(Instructions to follow):
Without the pictures, set down everything in the listing exactly.

(Data shown):
>>>

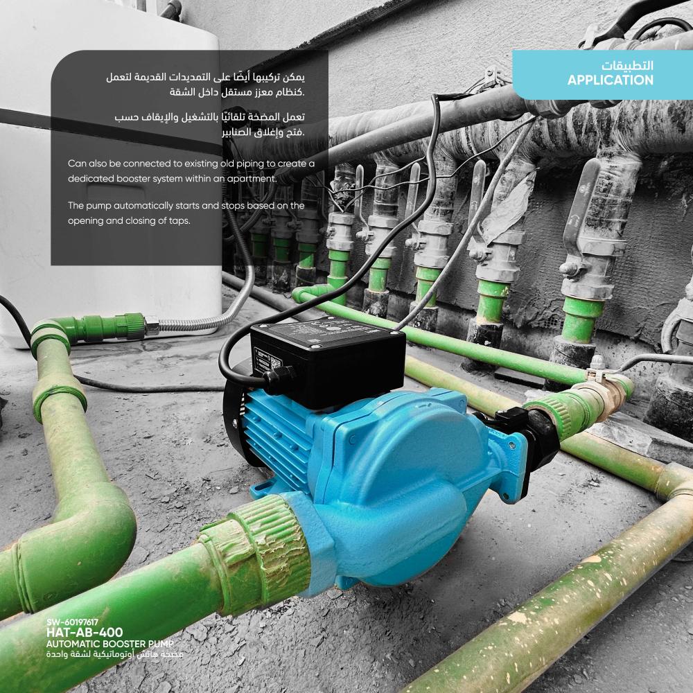 Can also be connected to existing old piping to create a dedicated booster system within an apartment.
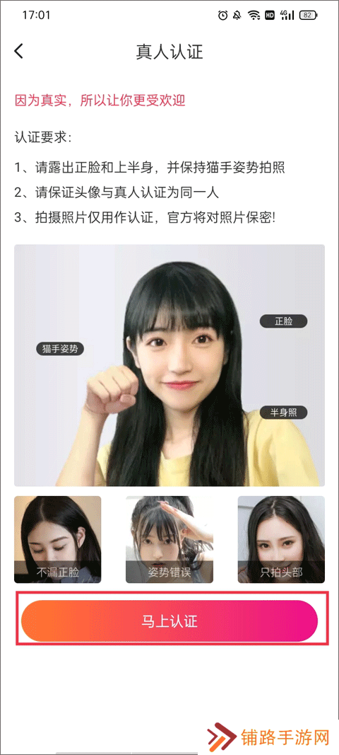 2、了解上方的认证要求,根据要求做出相对应的动作完成认证,点击马上认证。
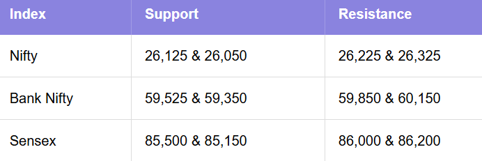 Heading into the next session, all eyes remain on those key support zones, especially Nifty’s 26,125 and Bank Nifty’s 59,500. If they hold, this could just be a healthy pause after a relentless ride to record highs. If they slip, we may finally see the indices take that overdue breather. With the RBI policy around the corner, expect the market to stay slightly cautious but very much alive to fresh opportunities.

<<<

(Solution below):
 Can also be connected to existing old piping to create a dedicated booster system within an apartment.
 2、了解上方的认证要求,根据要求做出相对应的动作完成认证,点击马上认证。
 Heading into the next session, all eyes remain on those key support zones, especially Nifty’s 26,125 and Bank Nifty’s 59,500. If they hold, this could just be a healthy pause after a relentless ride to record highs. If they slip, we may finally see the indices take that overdue breather. With the RBI policy around the corner, expect the market to stay slightly cautious but very much alive to fresh opportunities.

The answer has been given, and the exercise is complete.